Your objective |
Copy from the first line below down to and including the line with "In fact, all". Skip the pictures.

=-=-=-=-=

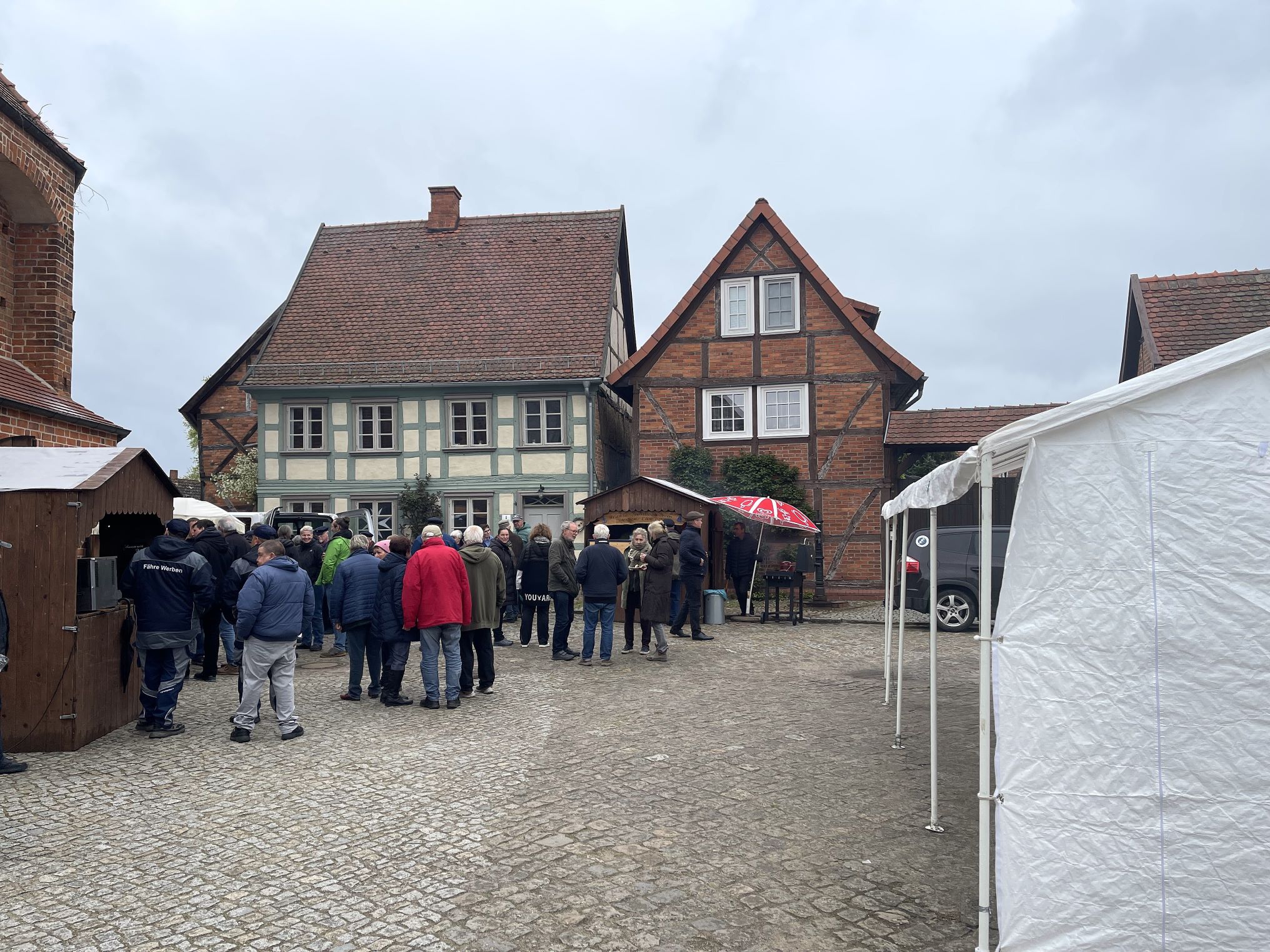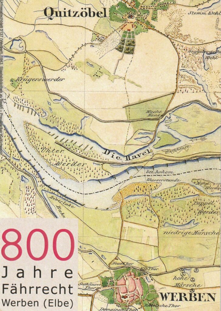 Am Nachmittag fanden die weiteren Feierlichkeiten in und vor der „Salzkirche“ statt, Musikalisch wurden die Werbener und Gäste von der Werbener Feuerwehrkapelle und dem Shantychor aus Wittenberge unterhalten. Die Stadt hatte Sekt spendiert. Werbener Vereine, Miteinander-Füreinander und der Hansesportbootverein, sowie das Kommandeurhaus, übernahmen den kulinarischen Teil mit Kaffee und Kuchen, Bratwurst und Bier. Der Kulturverein hatte eine Auflage von neu gefertigten Postkarten zum Thema „800 Jahre Fährrecht“ im Angebot.
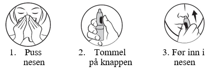 6. Len hodet litt forover. Sprayens spiss føres forsiktig opp i neseboret, og det pumpes én gang under samtidig rolig innpust gjennom nesen.
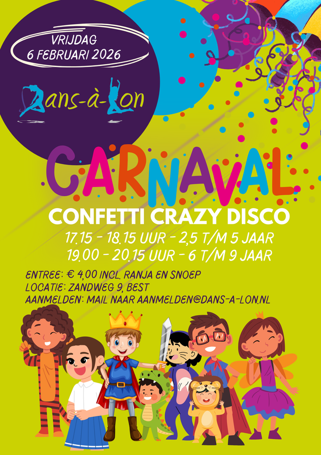 Op vrijdag 6 februari verandert Dans-à-Lon in één groot feest tijdens onze vrolijke Carnavalsdisco voor kinderen. Een middag vol muziek, dans, spelletjes en natuurlijk héél veel confetti!
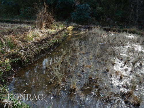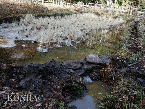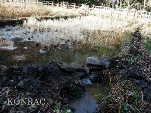 この積み直し作業中に流れ出た水は下の段に広がって、田圃の中央部でも、土の少ない辺りには水面が広がりだしていました。 導水路上流部の水路再生によって、導水路の流量は格段に増えて、田圃の上の段には大量の水が溜まっていたようです。
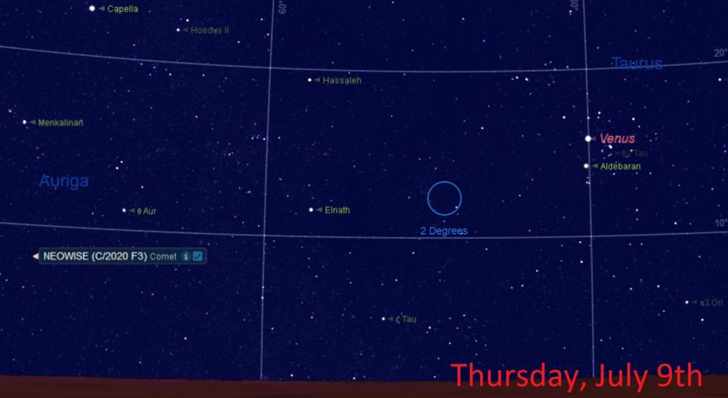 In fact, all of the classical naked eye planets inhabit the dawn sky in the first half of July. Near dawn, Saturn and Jupiter lay to the west, while Mars rides high to the south, and Venus dominates the eastern sky, fresh off of inferior conjunction last month. Look low to the east and you might even spy fleeting Mercury headed for greatest elongation 20 degrees west of the Sun on July 22nd, along with an extra special treat: the icy interloper comet C/2020 F3 NEOWISE, fresh off of perihelion on July 3rd and holding steady at magnitude +1.5.
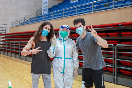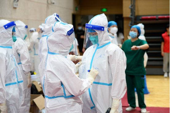 正在正式开展核酸检测工作前,医护人员相互勉励。
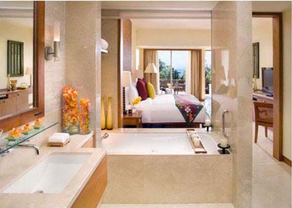 图11 从浴室能望到阳台外的客房——很多度假酒店的设计手法
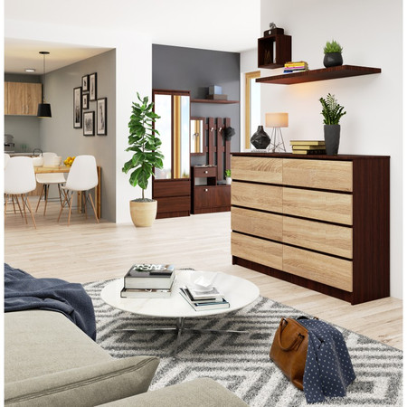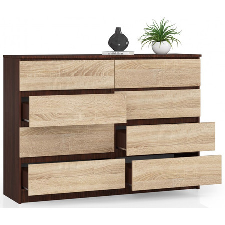 Jednoduchá a moderní komoda K140 8SZ. Je vyrobená z pevné laminované desky, která je odolná proti oděru a poškození. Univerzální vzhled splní očekávání každého, kdo ocení kombinaci jednoduchosti a elegance. Bezúchytková čela zásuvek zajišťují pohodlné používání.

=-=-=-=-=

Solution to this problem |
 Am Nachmittag fanden die weiteren Feierlichkeiten in und vor der „Salzkirche“ statt, Musikalisch wurden die Werbener und Gäste von der Werbener Feuerwehrkapelle und dem Shantychor aus Wittenberge unterhalten. Die Stadt hatte Sekt spendiert. Werbener Vereine, Miteinander-Füreinander und der Hansesportbootverein, sowie das Kommandeurhaus, übernahmen den kulinarischen Teil mit Kaffee und Kuchen, Bratwurst und Bier. Der Kulturverein hatte eine Auflage von neu gefertigten Postkarten zum Thema „800 Jahre Fährrecht“ im Angebot.
 6. Len hodet litt forover. Sprayens spiss føres forsiktig opp i neseboret, og det pumpes én gang under samtidig rolig innpust gjennom nesen.
 Op vrijdag 6 februari verandert Dans-à-Lon in één groot feest tijdens onze vrolijke Carnavalsdisco voor kinderen. Een middag vol muziek, dans, spelletjes en natuurlijk héél veel confetti!
 この積み直し作業中に流れ出た水は下の段に広がって、田圃の中央部でも、土の少ない辺りには水面が広がりだしていました。 導水路上流部の水路再生によって、導水路の流量は格段に増えて、田圃の上の段には大量の水が溜まっていたようです。
 In fact, all of the classical naked eye planets inhabit the dawn sky in the first half of July. Near dawn, Saturn and Jupiter lay to the west, while Mars rides high to the south, and Venus dominates the eastern sky, fresh off of inferior conjunction last month. Look low to the east and you might even spy fleeting Mercury headed for greatest elongation 20 degrees west of the Sun on July 22nd, along with an extra special treat: the icy interloper comet C/2020 F3 NEOWISE, fresh off of perihelion on July 3rd and holding steady at magnitude +1.5.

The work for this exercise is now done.